# Sony No.1 in North America



## jeffa4444 (Aug 31, 2018)

In the first half of 2018 according to an article in Ametaur Photographer Sony are No. 1 in full-frame cameras with either the A7R III, A7III and the new A9 with sports & press photographers in North America. 4 out of every 10 cameras being Sony. 

If this is true its no wonder Nikon are bringing out the Z6 & Z7 and that Canon will announce the EOS R & RF lenses.


----------



## neuroanatomist (Aug 31, 2018)

Old news, but thanks for sharing anyway. 

Worth keeping in mind that Sony has launched multiple FF MILCs recently, including a $2K model. Canon hasn't launched and recently, and the Nikon D850 has been out of stock at all major US online retailers for the same period when Sony outsold CaNikon. 

But kudos to Sony for being #1 in a subsegment of the ILC market, in one country, for 6 months. And kudos to Canon for being #1 in the entire ILC market, across the entire world, for >15 years and counting.


----------



## SOD (Sep 1, 2018)

It's not a subset. Sony is #1 in the entire ILC market, in the world, most likely. I can only verify that Canon is #1 in Japan while Sony is #1 in North America and #1 in China. Both North America and China are larger markets than Japan by quite some margin. I don't think Nikon does anywhere near the volume of Sony or Canon anymore. Also, bear in mind when you say Sony has released a ton of bodies lately and Canon hasn't, that Sony releases new bodies every year and Canon doesn't.

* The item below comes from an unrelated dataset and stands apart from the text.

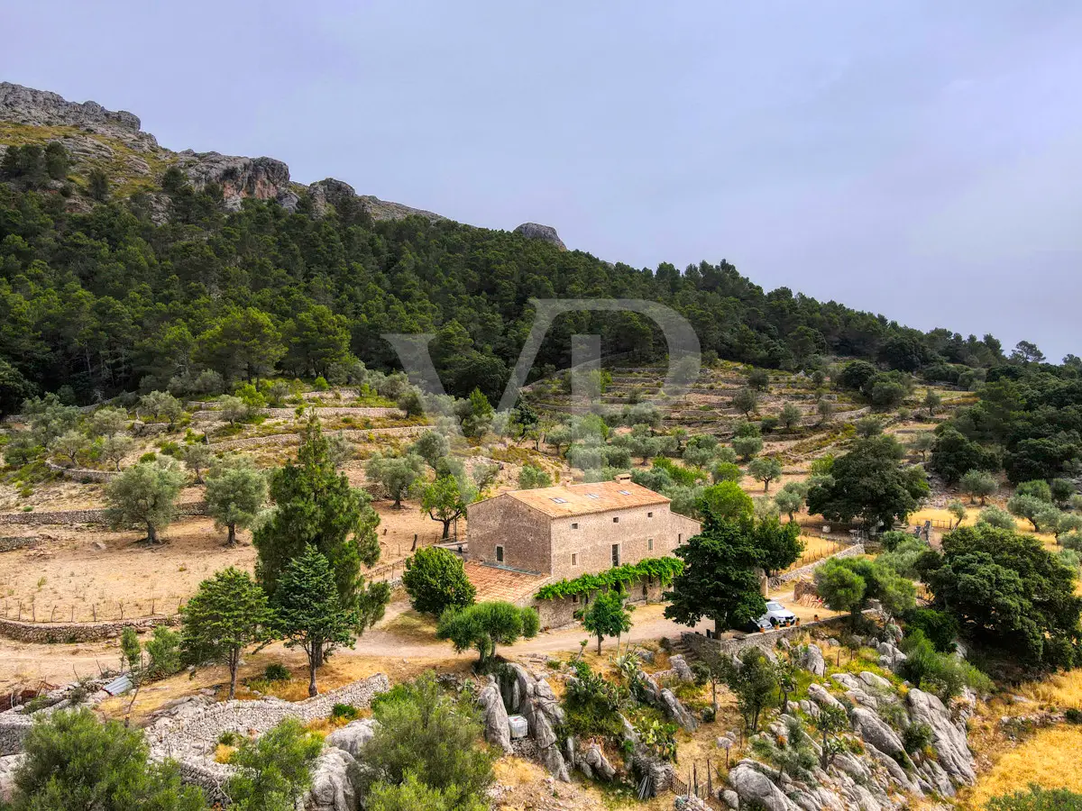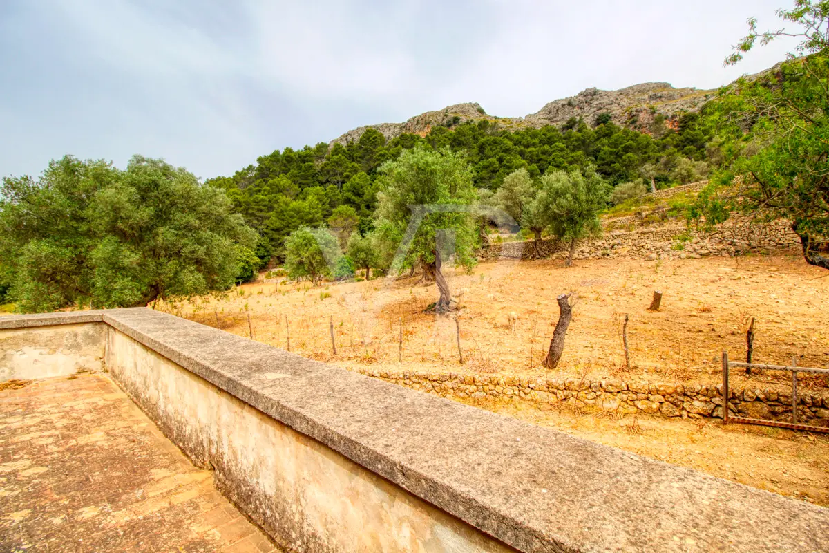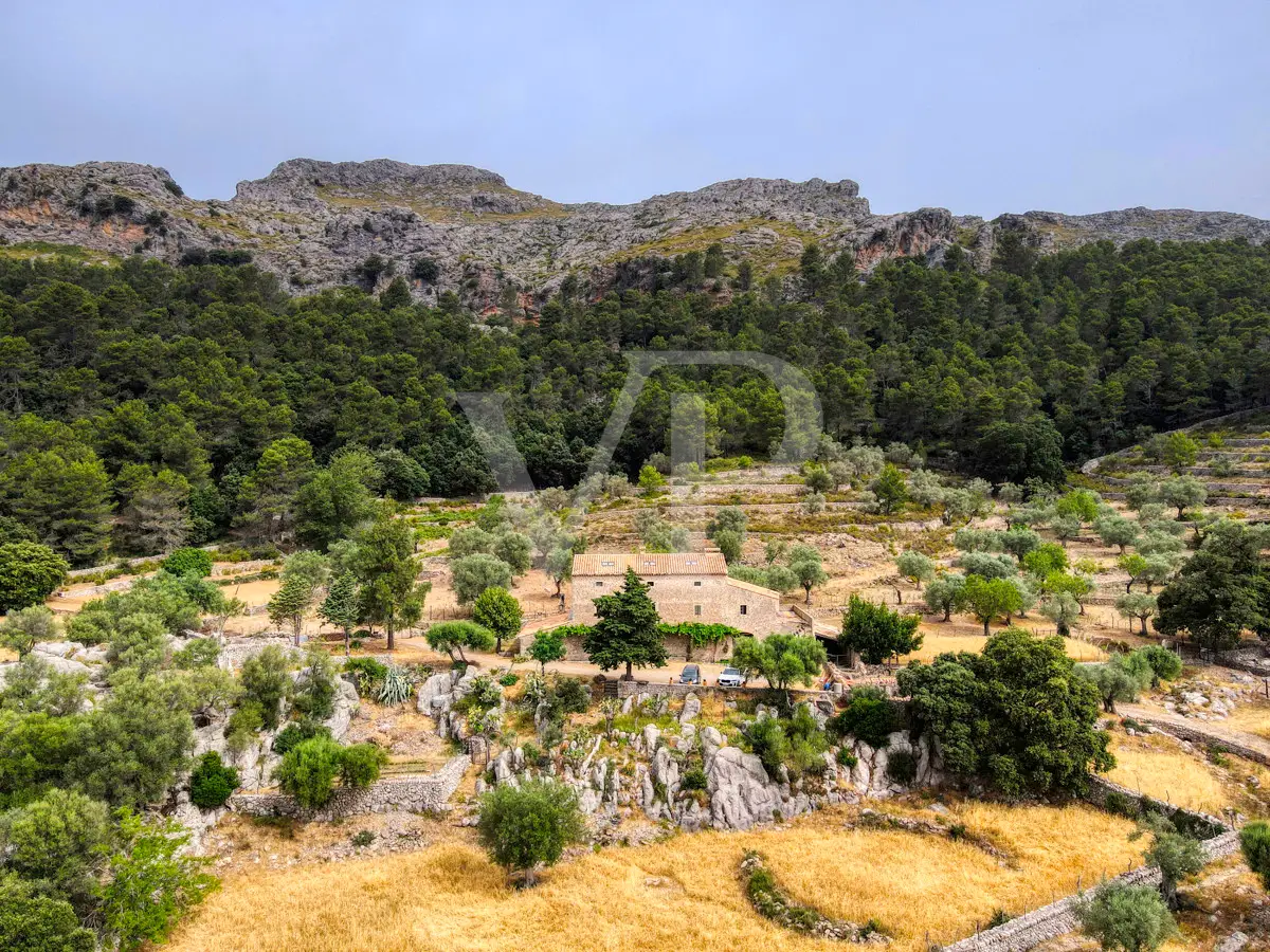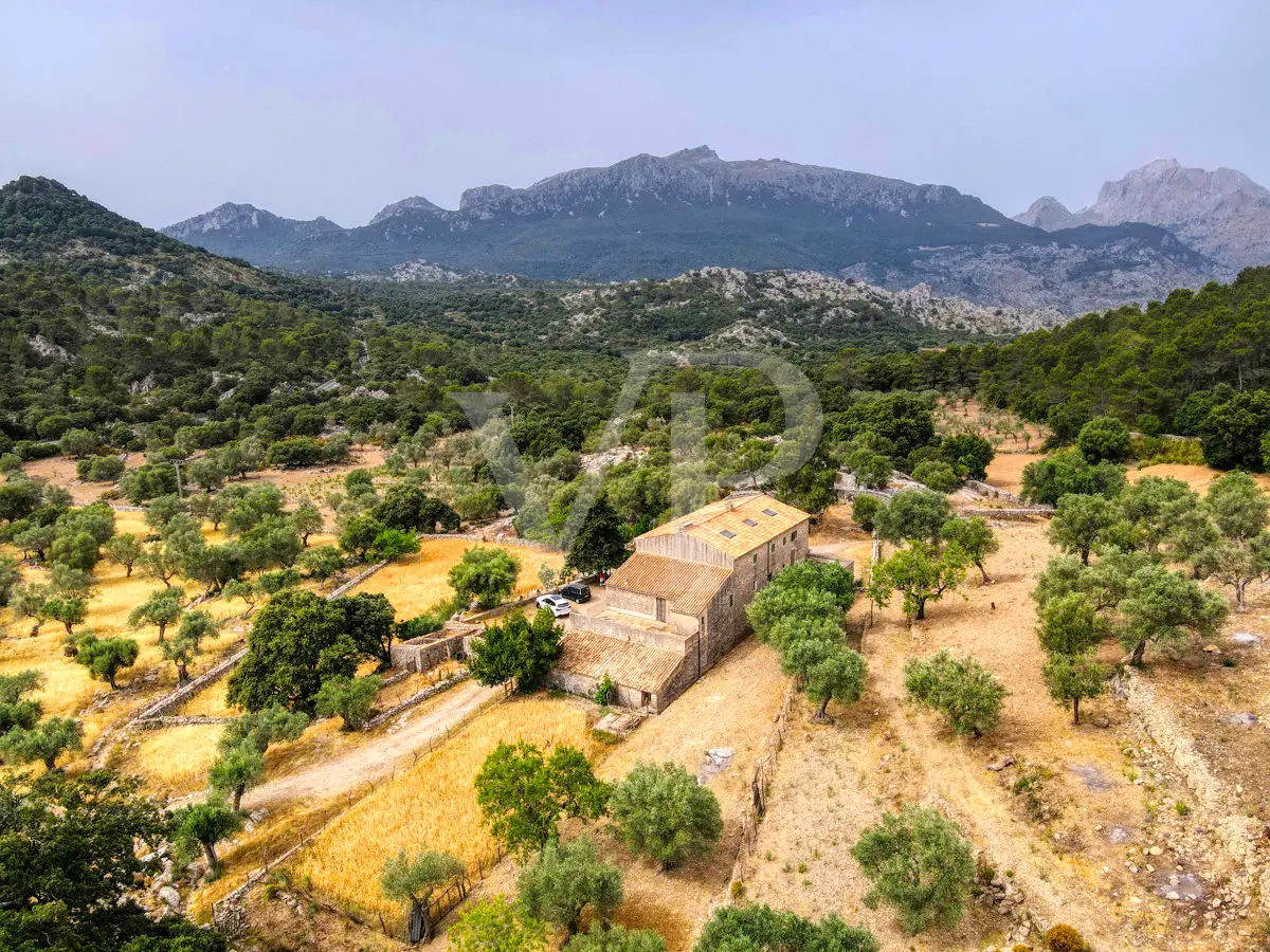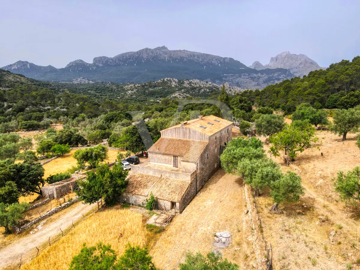For sale is this fantastic historic finca located on 80 hectares in the natural landscape of the Serra de Tramuntana in Escorca. The finca includes approximately 8 hectares of olive groves, 23 hectares of holm oaks, 4 hectares of almond trees, 27 hectares of scrubland and 3.8 hectares of farmland. The farm is certified with the designation "organic production", which has meant a long conversion period. The production of high quality and tasty oil, fantastic honey and sheep grazing helps to sustain the farm by taking advantage of its large extension. The houses of the old farm "Possessió" are located at an altitude of 500 metres above sea level and are over 700 square metres in size and spread over three floors. The ground floor consists of an entrance hall, an old kitchen with a large fireplace, a storage room, an annex with an old bread oven, another fireplace and a spacious living room, and another annex at the back used as a garage. There is also a small independent storage room. On the first floor, a long corridor distributes all its bedrooms, direct exit to a fantastic terrace, living room with fireplace, the old owners' kitchen, large pantry and the old bathroom. The upper floor consists of two large rooms with sloping ceilings, separated by thick walls. This property surprises not only by the dimensions of the construction, but also by the size of the plot and its location. The thick stone walls, high ceilings with original wooden beams and original terracotta tiles are exceptional. The property has electricity, two of its own water wells, a natural water source from the mountains, a "safareig" water deposit and the possibility to build another one. All this gives this finca an abundance of water. An ecological finca that is part of Mallorca's culture and history, nestled in a fantastic and unique setting.

So this is "as intended" and will likely continue along the same trajectory.

Canon looks ready for a huge release with the 24-70/2.0 zoom and 50/1.2 being released immediately for RF mount mirrorless. I think perhaps Canon will have a comeback starting now, but it probably will be more at the expense of Nikon than of Sony. I don't think Nikon is likely to ever move back up from the #3 spot.


----------